Portfolio optimization with two quasiconvex risk measures

TL;DR

This paper extends portfolio optimization models to include two quasiconvex risk measures, analyzing convex and non-convex cases, and introduces duality and approximation methods for solving these problems.

Contribution

It generalizes previous models by allowing quasiconvex risk measures and develops duality and approximation techniques for the resulting optimization problems.

Findings

Zero duality gap under convex risk measures

Optimal portfolios identified via Lagrange multipliers

Approximate solutions achievable with bisection algorithm

Abstract

We study a static portfolio optimization problem with two risk measures: a principle risk measure in the objective function and a secondary risk measure whose value is controlled in the constraints. This problem is of interest when it is necessary to consider the risk preferences of two parties, such as a portfolio manager and a regulator, at the same time. A special case of this problem where the risk measures are assumed to be coherent (positively homogeneous) is studied recently in a joint work of the author.

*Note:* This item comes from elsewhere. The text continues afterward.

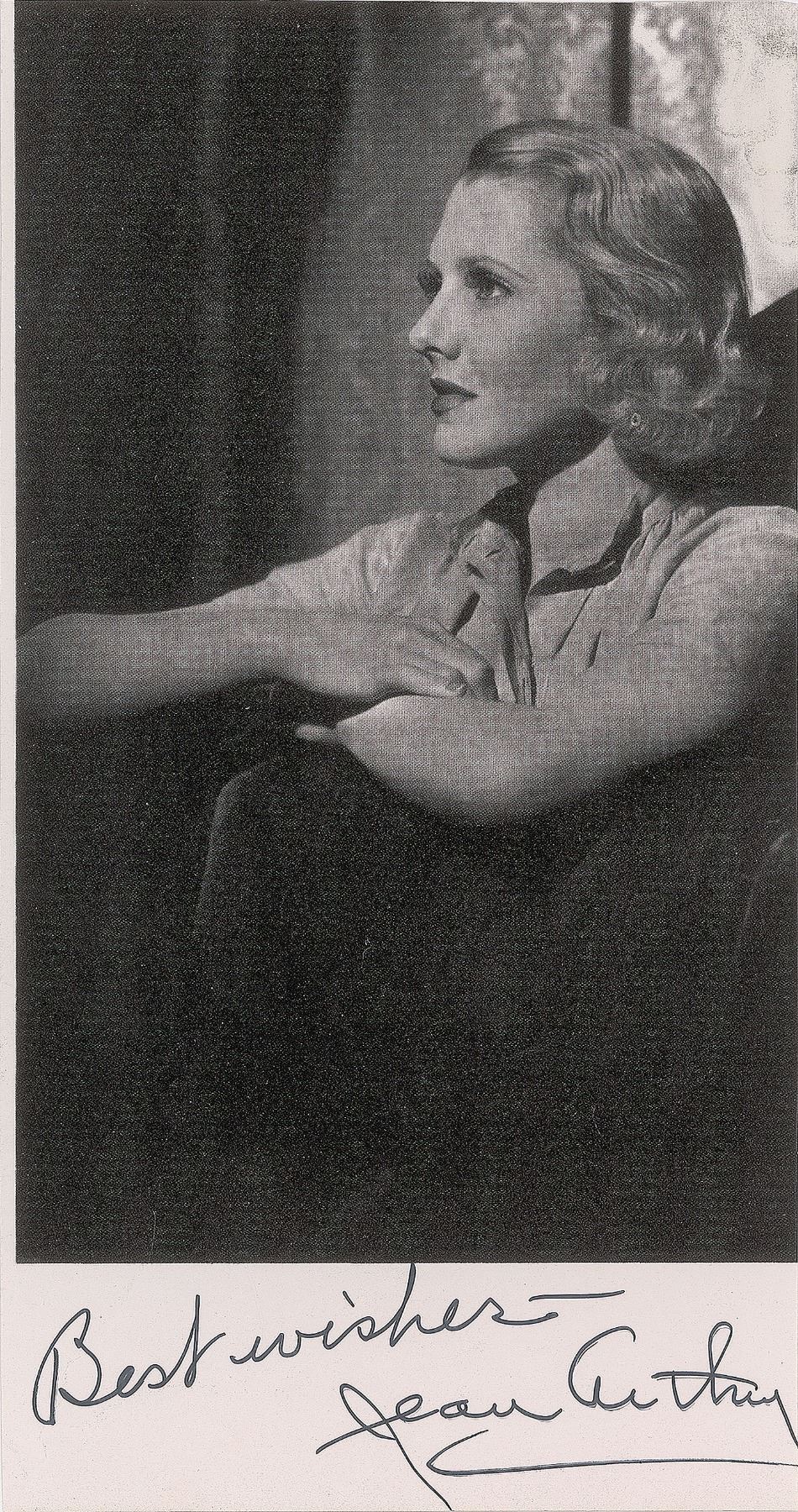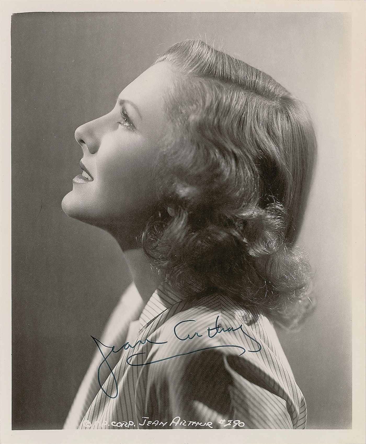 Two photos: a glossy 8 x 9.75 Columbia Pictures studio portrait of Arthur in a lovely profile pose, signed in black felt tip, "Jean Arthur"; and a semi-glossy 3.75 x 7 trimmed book photo of Arthur seated in shadow, signed in the lower border in thin black felt tip, "Best wishes—Jean Arthur." In overall fine condition.

The present paper extends the analysis to a more general setting by assuming that the two risk measures are only quasiconvex. First, we study the case where the principal risk measure is convex. We introduce a dual problem, show that there is zero duality gap between the portfolio optimization problem and the dual problem, and finally identify a condition under which the Lagrange multiplier associated to the dual problem at optimality gives an optimal portfolio. Next, we study the general case without the convexity assumption and show that an approximately optimal solution with prescribed optimality gap can be achieved by using the well-known bisection algorithm combined with a duality result that we prove.